Umm.. its been proven several times that running first thing in the morning on a empty stomach isnt really beneficial at all.. While there may be benefits to exercising on empty, there are also certain risks. After about 30 minutes of running on an empty stomach, your body will turn catabolic, tapping your precious muscles for fuel instead of fat reserves. This can lead to overexertion and dehydration. Other risks from running on an empty stomach include dizziness from low blood sugar or an increased chance of injury from the lack of nutrients in the body.

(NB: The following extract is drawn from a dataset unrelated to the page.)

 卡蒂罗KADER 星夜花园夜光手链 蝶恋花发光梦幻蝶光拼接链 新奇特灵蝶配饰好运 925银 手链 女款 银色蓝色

You may burn a higher percentage of body fat when you run on empty, but your training capabilities will be decreased because of lack of food. You won't have the same stamina, strength and endurance, leading to a slower, shortened run that burns fewer calories overall. In addition, the low blood sugar you experience may cause you to eat more after your run than you would otherwise.


----------



## Tinytom (Sep 16, 2005)

ksrcrider said:


> Umm.. its been proven several times that running first thing in the morning on a empty stomach isnt really beneficial at all.. While there may be benefits to exercising on empty, there are also certain risks. After about 30 minutes of running on an empty stomach, your body will turn catabolic, tapping your precious muscles for fuel instead of fat reserves. This can lead to overexertion and dehydration. Other risks from running on an empty stomach include dizziness from low blood sugar or an increased chance of injury from the lack of nutrients in the body.
> 
> You may burn a higher percentage of body fat when you run on empty, but your training capabilities will be decreased because of lack of food. You won't have the same stamina, strength and endurance, leading to a slower, shortened run that burns fewer calories overall. In addition, the low blood sugar you experience may cause you to eat more after your run than you would otherwise.

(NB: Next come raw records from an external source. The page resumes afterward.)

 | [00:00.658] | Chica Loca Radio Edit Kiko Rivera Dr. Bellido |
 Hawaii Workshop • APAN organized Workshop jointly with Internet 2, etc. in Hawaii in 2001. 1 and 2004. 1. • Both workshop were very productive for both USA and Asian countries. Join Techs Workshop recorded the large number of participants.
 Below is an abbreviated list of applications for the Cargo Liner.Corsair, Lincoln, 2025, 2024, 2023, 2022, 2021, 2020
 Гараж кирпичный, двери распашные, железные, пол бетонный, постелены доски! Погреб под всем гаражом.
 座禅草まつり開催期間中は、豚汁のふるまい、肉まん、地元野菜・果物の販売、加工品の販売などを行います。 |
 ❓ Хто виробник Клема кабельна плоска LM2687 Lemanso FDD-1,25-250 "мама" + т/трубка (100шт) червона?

Not been proven categorically.

All those things you say are not true as fact only as possible risks.

You are correct that a long session would not be more beneficial but gluconeogenisis would be minimal if at all under 45 minutes in duration.

Muscle catabolism is not proven in fasted cardio under an hour in duration. Most bbers would only do 30-45 minutes fasted cardio and if its HIT this would be under 30 minutes.

As has also been said a combo of 5g glutamine and 5g BCAA would prevent catabolism.


----------



## C.Hill (Nov 21, 2010)

ksrcrider said:


> Umm.. its been proven several times that running first thing in the morning on a empty stomach isnt really beneficial at all.. While there may be benefits to exercising on empty, there are also certain risks. After about 30 minutes of running on an empty stomach, your body will turn catabolic, tapping your precious muscles for fuel instead of fat reserves. This can lead to overexertion and dehydration. Other risks from running on an empty stomach include dizziness from low blood sugar or an increased chance of injury from the lack of nutrients in the body.
> 
> You may burn a higher percentage of body fat when you run on empty, but your training capabilities will be decreased because of lack of food. You won't have the same stamina, strength and endurance, leading to a slower, shortened run that burns fewer calories overall. In addition, the low blood sugar you experience may cause you to eat more after your run than you would otherwise.


Where has it been proven mate? Any links to studies?


----------



## ksrcrider (Feb 20, 2013)

http://www.t-nation.com/free_online_article/sports_body_training_performance_interviews/the_fasted_cardio_roundtable


----------



## MRSTRONG (Apr 18, 2009)

onthebuild said:



> How did they measure the fat that was burned to get that percentage? Was it simply weight lost, which could be lost water weight, muscle or fat?
> 
> Or did they use a method of measuring overall fat at the start/finish of the experiment? If so how accurate are the methods of measuring fat?
> 
> I feel sceptical that fasted cardio can lead to a 20% increase in burning fat, it seems like a huge percentage!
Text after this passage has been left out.